Immunotherapy, a targeted approach to the treatment of malignant tumors, has shown great potential by using the autoimmune system to fight tumor cells. Immunotherapy includes monoclonal antibody immune checkpoint inhibitors, therapeutic antibodies, cell therapy, etc., with excellent efficacy and innovation. After the widespread use and success of immune checkpoint inhibition (ICI) therapies targeting PD-1, PD-L1 and CTLA-4, the third phase of immunotherapy for cancer treatment has officially arrived.
However, in the course of treatment, a considerable number of cancer patients still do not respond to or develop resistance to ICI treatment, so scientists have been working to explore new immune targets, including macrophage-targeted drugs. There are many potential targets for targeting macrophages, and the main targets with rapid clinical progress include: CSF-1R, CD47, CD40, macrophage microenvironment chemokines, etc.
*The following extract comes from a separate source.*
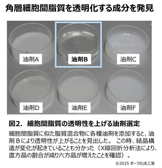 黒鉛とダイヤモンドは、どちらも炭素でできているのにもかかわらず見た目の透明度が全く異なります。両者の違いを生むのは「結晶構造」です。実は、角層中の細胞間脂質も「結晶構造」を有しており、その構造は主に2種類あることが知られています(補足資料1)。このことから化粧品の成分を細胞間脂質に作用させ、結晶構造をコントロールすると、透明度に違いを出せるのではないかと考えました。そこで実験的に細胞間脂質に各種油剤を作用させて結晶構造を調べ、透明度を高めることのできる油剤を選定(図2)。この油剤により角層を透明化できることを見出しました(図3)。

So far, very few drugs that directly target macrophages have been approved by the FDA for clinical trials, and no related products have been marketed for the time being. Recently, the FDA approved a Phase I study of ABSK021, a highly selective CSF-1R inhibitor, by Abbisko Therapeutics Co., Ltd. (Hong Kong Stock Exchange: 2256.HK). To assess safety, tolerability and pharmacokinetics in patients with advanced solid tumors.
CSF-1R signaling pathway
Colony-stimulating factor-1 (CSF-1), also known as macrophage colony-stimulating factor, is one of the most common pro-inflammatory cytokines responsible for various inflammatory diseases. It has a significant role in the development and progression of osteoarthritis, cancer and other autoimmune diseases. CSF-1 acts by binding to a receptor called the colony-stimulating factor 1 receptor (CSF-1R), also known as c-FMS, leading to a cascade of signaling pathways that lead to cell proliferation and differentiation. While CSF-1R appears to be the only receptor for CSF-1, IL-34 also binds the receptor protein-tyrosine phosphatase-zeta (RPTP-zeta) and the ligand expression pattern is different.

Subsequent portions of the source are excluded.